Share insurance increases to $250,000
October 6, 2008
Raleigh, NC - The federal government’s recent passage of the Emergency Economic Stabilization Act of 2008 requires the National Credit Union Administration (NCUA) to immediately increase share insurance protection to $250,000 on all types of deposit accounts until December 31, 2009.
Certain retirement accounts were already protected by $250,000 of coverage. These accounts are not affected by the change.
The National Credit Union Share Insurance Fund (NCUSIF) insures your deposits up to $250,000 (and more through multiple account ownership). The NCUA protects members against losses should a federally-insured credit union fail. No insured savings have ever been lost by a member of a federally-insured credit union. Insurance coverage is automatic and provided at no additional cost to you.
LGFCU is updating its published information to reflect the change. The NCUA is also working to update materials included in the Internet Share Insurance Tool Kit on its Web site.
For more information on deposit insurance, visit Safety.
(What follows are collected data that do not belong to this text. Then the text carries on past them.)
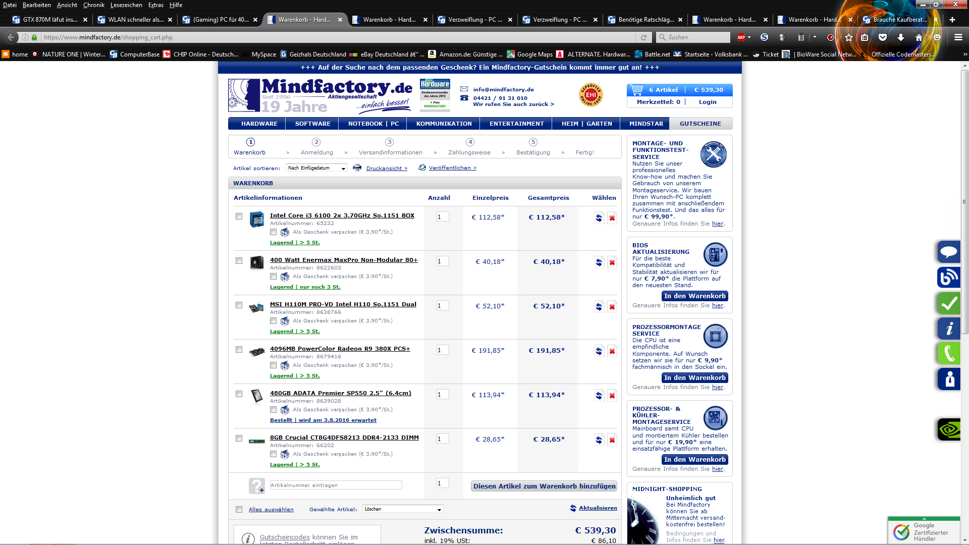 Ich hab die empfohlenen Zusammenstellungen durchgeschaut und hätte momentan folgende Komponenten als Kern ausgewählt:
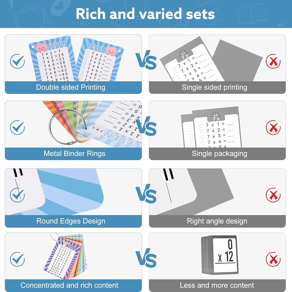 Pocket Size: Our multiplication flash cards are made of thickened cardboard, with a laminated design that is waterproof and won't fade, size is 5.9x3.93 inches/15x10 cm, and has a rounded edge design to avoid scratching. The binder rings can not only be stored and organized, but can also be hung on a school bag, making it easy to carry and study at any time.
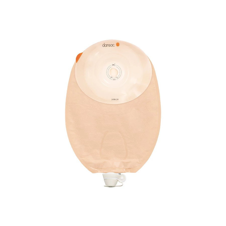 Dansac NovaLife TRE 1 Urostomy Soft Convex, egyrészes, testszínű, ablakos sztómazsák, méretre kivágható 15-34 mm, 245 ml, vízlepergető borítással.

The National Credit Union Administration is the independent federal agency that regulates, charters and supervises federal credit unions. NCUA, with the backing of the full faith and credit of the U.S. government, operates and manages the National Credit Union Share Insurance Fund (NCUSIF), insuring the deposits of nearly 89 million accounts in all federal credit unions and the overwhelming majority of state-chartered credit unions.